Menurut Berndt (dalam Agustina & Irma). dalam teori etologi, kelekatan merupakan kombinasi
konsep yang unik dari beberapa teori. Untuk memudahkan dalam memahami, maka konsep-
konsep teori tersebut digabungkan dan dirangkum menjadi beberapa konsep di bawah ini;
a. Tingkah laku pada bayi merupakan perubahan yang alami dan instinkif. Untuk membantu
bayi bertahan dalam kehidupan dengan perlindungan orang tua.
b. Kelekatan manusia tidak tegantung pada makanan yang dibutuhkan bayi atau ibu yang
selalu memberi susu.
c. Bayi akan dekat dengan orang yang banyak melakukan interaksi dengannya.

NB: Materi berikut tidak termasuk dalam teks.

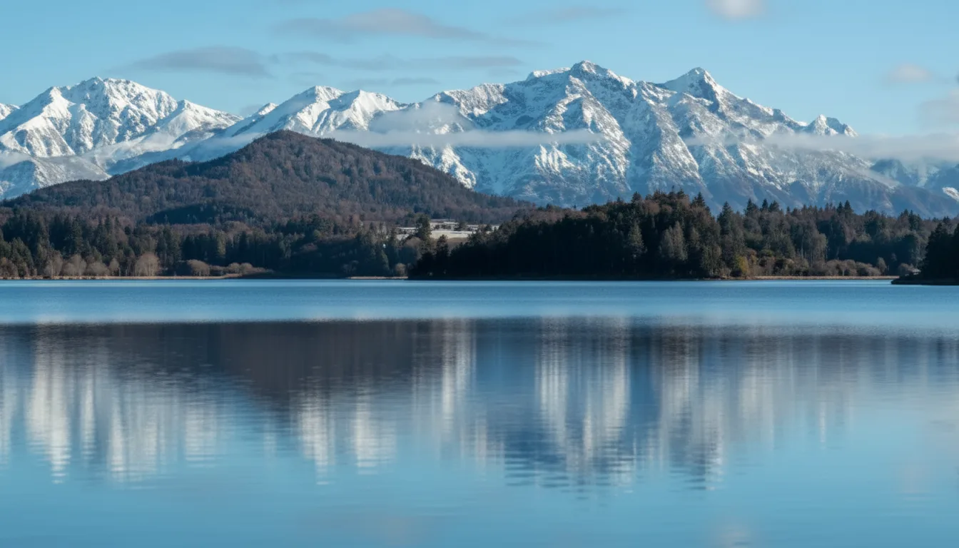 • 📸 Capture the glass-like reflections of the massive mountains on the still water surface. 🏔️
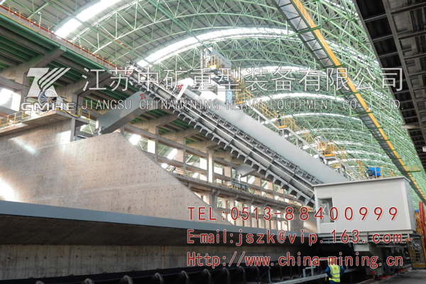 半門式刮板取料機,一條軌道在地面,一條軌道在空中,空間利用率提高了50%,同時提高了設(shè)備運行穩(wěn)定性。
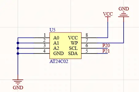 存储电路:存储电路采用的是AT24C02-2K Bit的串行EEPROM存储器,它具备掉电不丢失的功能,它的内部包括一个256字节在AT24C02里面有一个8字节的页写缓冲器。A0A1A2作为硬件地址引脚;WP是写保护引脚,接入高电平时它是只读状态,接地时就可以读和写;SCL和SDA是IIC总线。
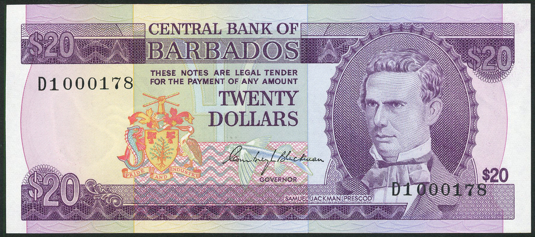 Central Bank of Barbados, $20, 1973, serial number D1 000178, purple, Samuel Jackman Prescod at right, also $10 (5), 1975, serial numbers C1 000241, 242, 244, 250 and 251, brown, Charles Duncan O’Neal at right, both with arms at left, value at corners
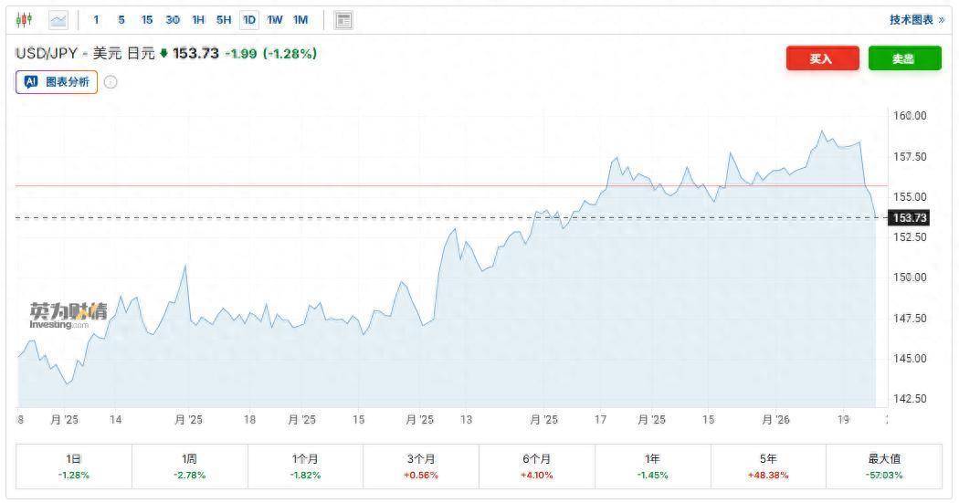 上周五,日元曾一度出现近六个月来的最大单日涨幅。周一,日元继续走高。截至发稿,美元兑日元汇率跌1.28%,报153.73,为去年11月以来的最低水平。
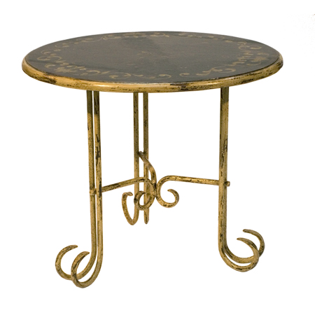 Product: Bistro Table Dimensions: 36"dia x 30"h Style: Hand Painted Iron/Wood Top Color: PL14/PL02 Black Gold /Sand (Legs) Motif: 13 Scrolls Origin: Brazil Product ID: VAR-BIS-PT-512 MSRP: $2,700
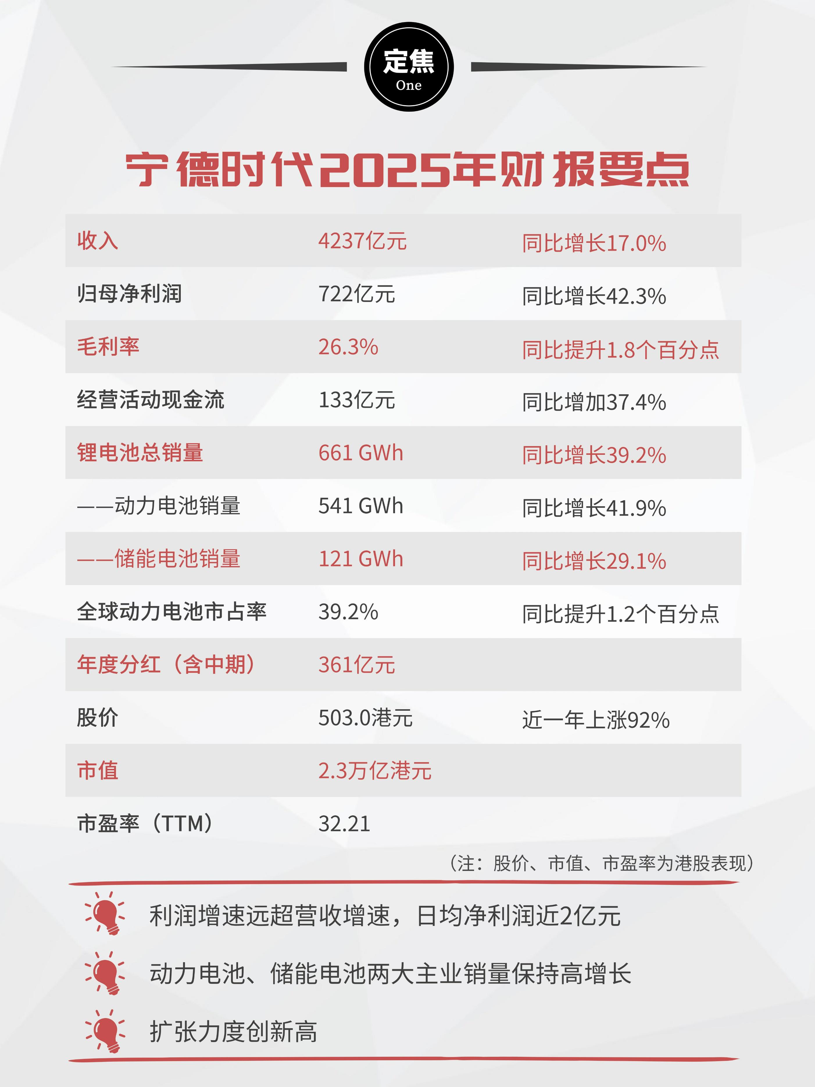 3月9日,宁德时代公布了2025年财报:营收4237亿元,同比增长17%;归母净利润722亿元,同比大增42%。

d. Tahun pertama kelahiran anak, merupaka periode yang peka dalam perkembangan
kelekatan
e. Tingkah laku lekat bayi akan bias terhadap orang tertentu saja, biasanya ibu. Walaupun
bayi akan dekat dengan beberapa orang lain selain ibu, kelekatan dengan ibulah yang
banyak mempengaruhinya. f. Pada usia tiga tahun, kelekatan dikembangkan dalam
pencapaian tujuan yang tepat antara anak dan ibu.dll
a. Figur Lekat
Figur lekat adalah orang-orang yang dijadikan anak-anak sebagai objek keterikatan.
Sosok yang dilampirkan tidak hanya ibu, tetapi juga ayah, pengasuh atau nenek, tergantung pada
siapa bayi nyaman. Anak-anak selalu ingin bersama orang tuanya. Hal ini terlihat dari pola
perilaku anak yang menunjukkan perilaku yang tidak menyenangkan seperti: menangis ketika
ditinggalkan, Anda selalu melihat ke arah figure lekatnya berjalan, dan akan sangat senang
ketika karakter kesayangannya kembali, serta hal yang paling menonjol adalah anak berani
bereksplorasi bebas jika berada dekat figur lekatnya.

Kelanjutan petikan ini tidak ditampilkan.